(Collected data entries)
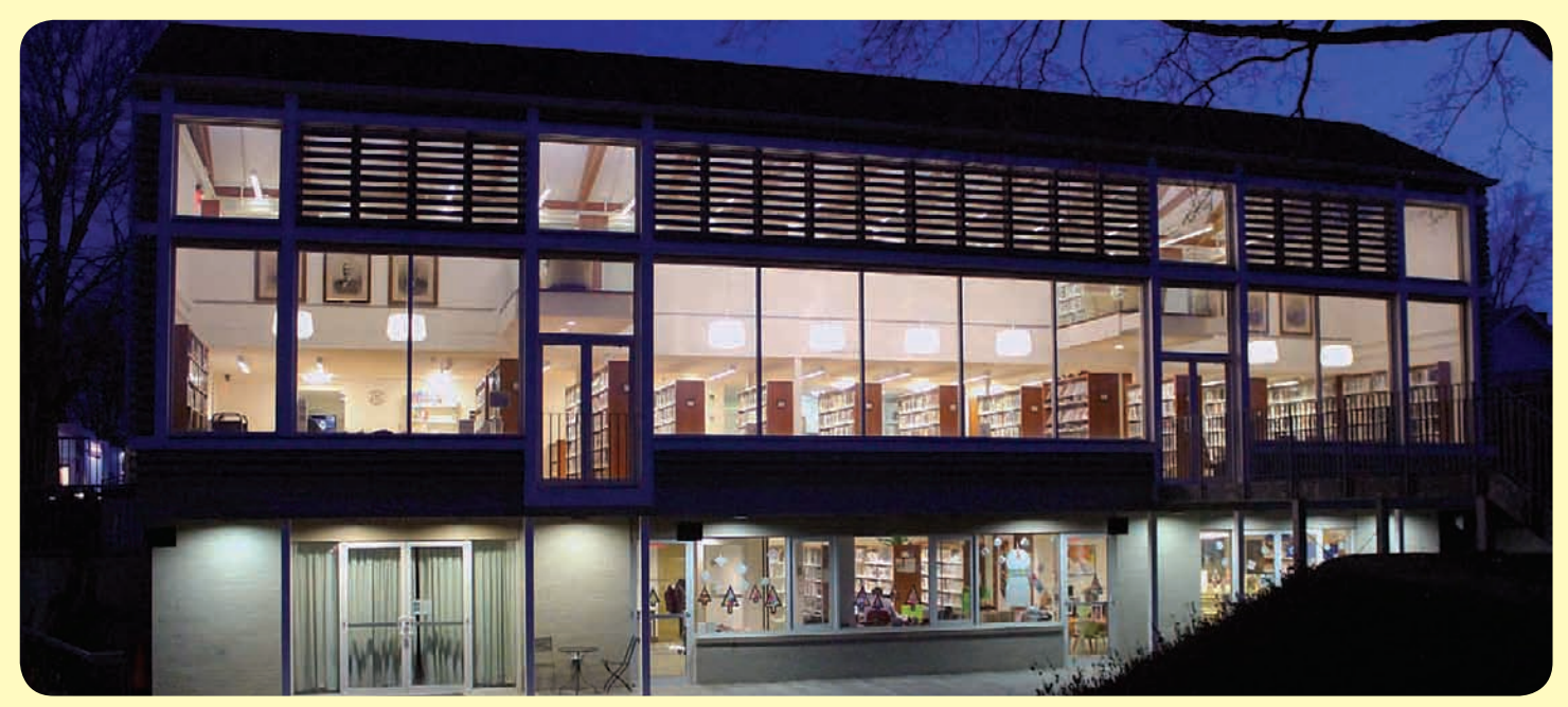
The Hampton Library is now open till 9 p.m. Monday through Thursday, and till 6 p.m. on Friday.
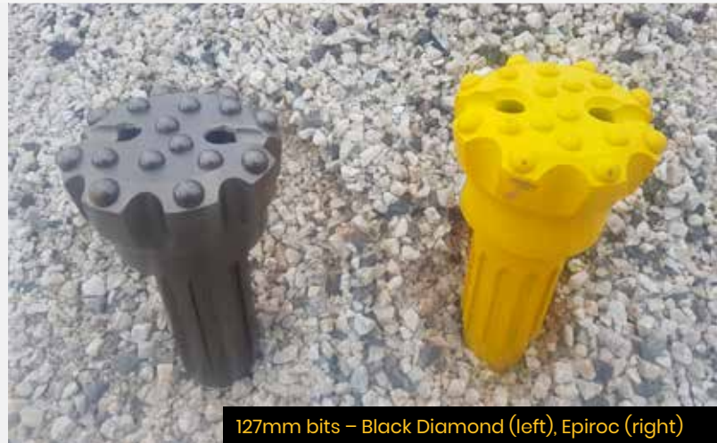
127mm bits – Black Diamond (left), Epiroc (right)
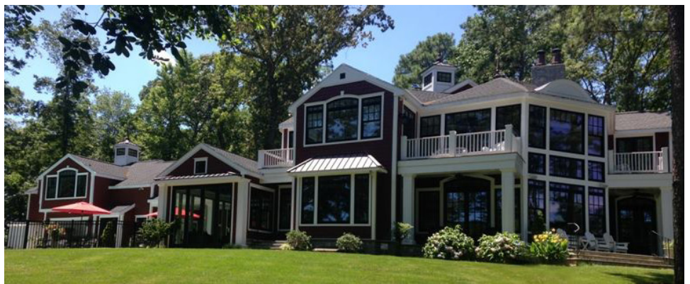
A featured home on the 2016 Sand Castle Home Tour

TICKETS FOR BOTH EVENTS @ artleagueofoceancity.org
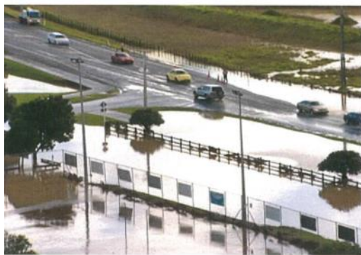
SH25 RS24/4300 – Flood waters receded enough to reopen to traffic

East Waikato 11-13 June 2014 Storm Event Funding Application
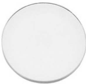
Shown in: White / Lensed
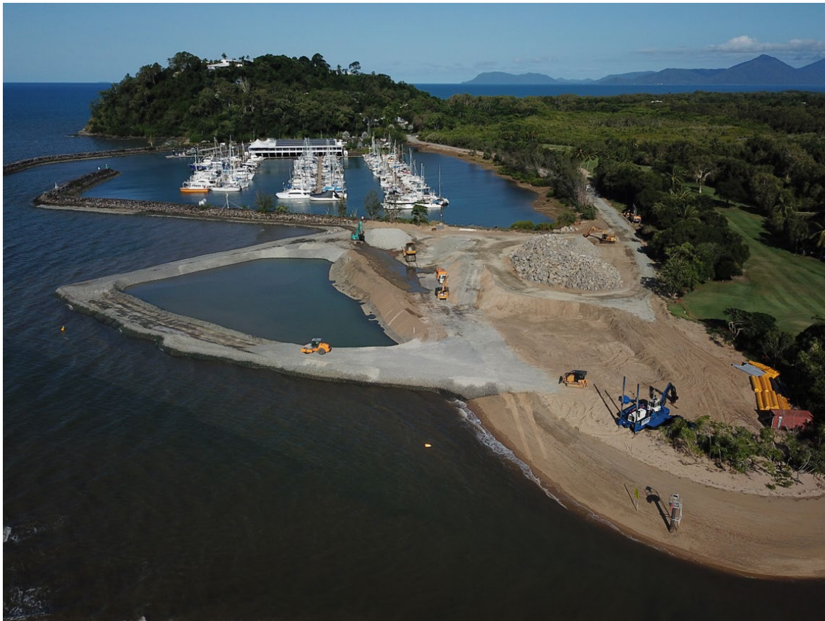
Yorkeys Knob landside works commenced with the reclamation for the harbour, boat ramps and car parks taking shape.
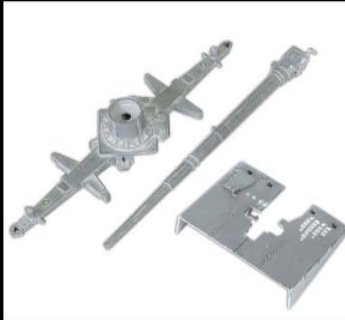
Diecast metal materials used in cruciform, gun shield and barrel.
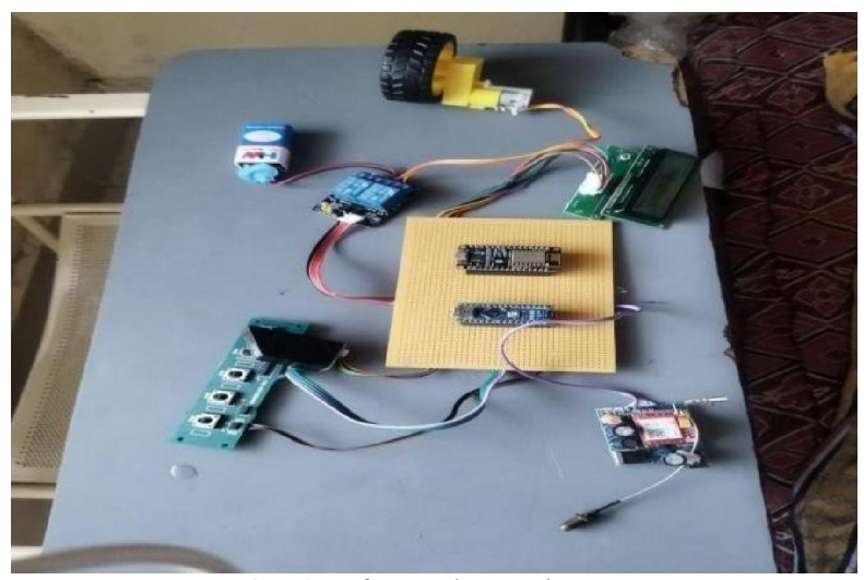
Fig 7.1: Before Implementation
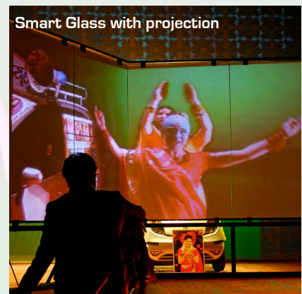
Smart Glass with projection

the SMART GLASS company the next generation in glass privacy
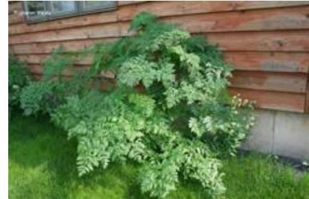
Figure 13 Poison hemlock, first year plant (photo S Yiesla)

The Plant Clinic has already received several reports of poison hemlock ( Conium maculatum ). This weed has been fairly prominent for the last few years, not only in home gardens, but popping up along the side of the road in many areas. Poison hemlock (fig. 13) is a member of the carrot family (which contains both edible and toxic plants, so beware!!). Most members of this family have the same type of umbrella-shaped flower cluster known as an umbel. Because the flower cluster of Queen Anne's lace and the flower cluster of poison hemlock look similar, plants may be incorrectly identified. This can lead to contact with a dangerous plant.
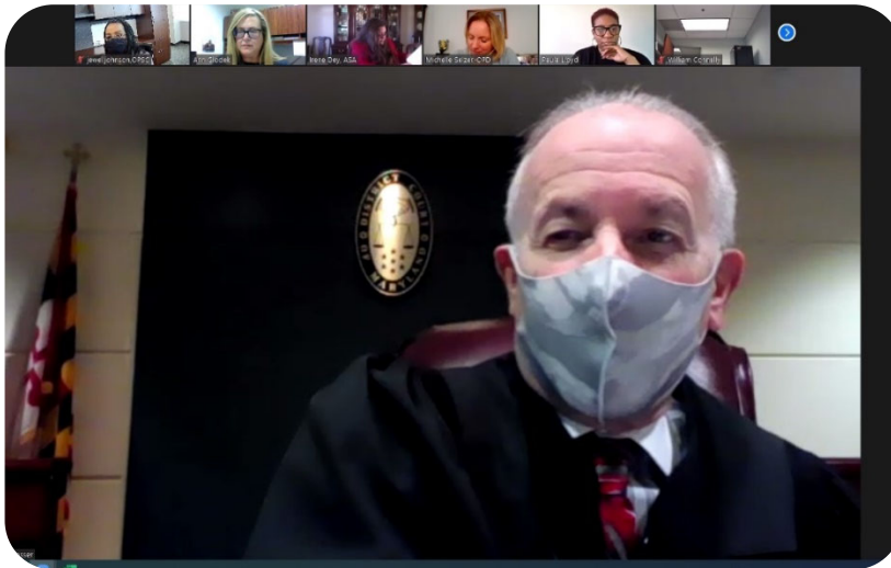
Figure 9: Judge Jack Lesser presides over Baltimore City District Mental Health Court.

In Maryland, as in other states, those with mental health are increasingly becoming involved in the criminal justice system. Mental health courts were established in response to the increased numbers of individuals with mental health disorders found caught in the revolving door of the criminal justice system. See Table 3 for a comprehensive list and basic information of all mental health courts.
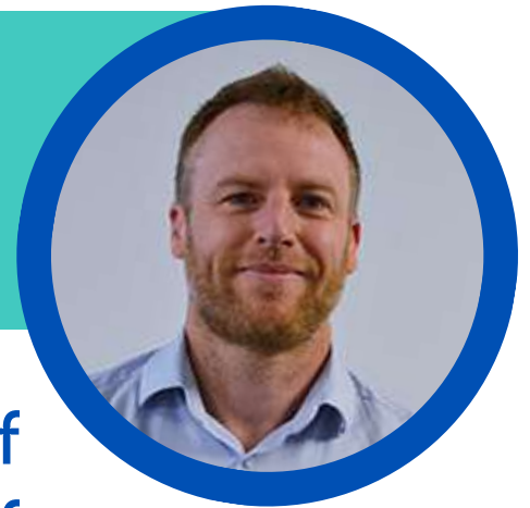
Director of People & Places
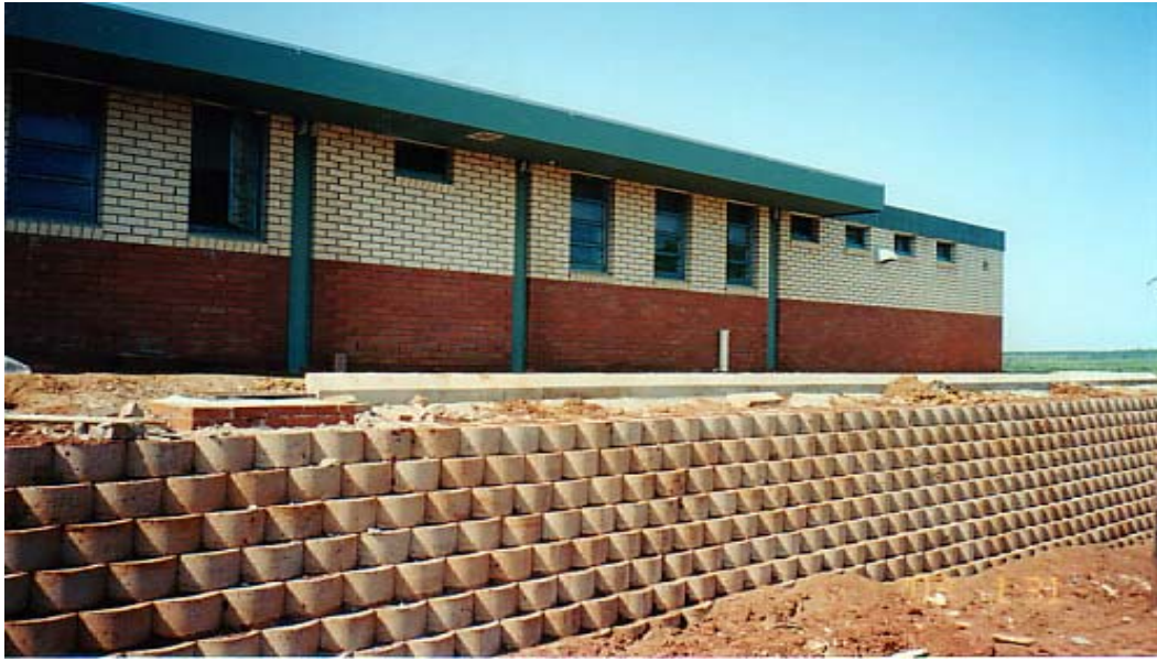
3. VIEW OF SOUTH ELEVATION

Task item
Only the lines from the one holding "Smart Glass with projection" through the end of the data are to be printed, exactly as they stand and with no pictures.

Exercise solution
Smart Glass with projection

the SMART GLASS company the next generation in glass privacy
Figure 13 Poison hemlock, first year plant (photo S Yiesla)

The Plant Clinic has already received several reports of poison hemlock ( Conium maculatum ). This weed has been fairly prominent for the last few years, not only in home gardens, but popping up along the side of the road in many areas. Poison hemlock (fig. 13) is a member of the carrot family (which contains both edible and toxic plants, so beware!!). Most members of this family have the same type of umbrella-shaped flower cluster known as an umbel. Because the flower cluster of Queen Anne's lace and the flower cluster of poison hemlock look similar, plants may be incorrectly identified. This can lead to contact with a dangerous plant.
Figure 9: Judge Jack Lesser presides over Baltimore City District Mental Health Court.

In Maryland, as in other states, those with mental health are increasingly becoming involved in the criminal justice system. Mental health courts were established in response to the increased numbers of individuals with mental health disorders found caught in the revolving door of the criminal justice system. See Table 3 for a comprehensive list and basic information of all mental health courts.
Director of People & Places
3. VIEW OF SOUTH ELEVATION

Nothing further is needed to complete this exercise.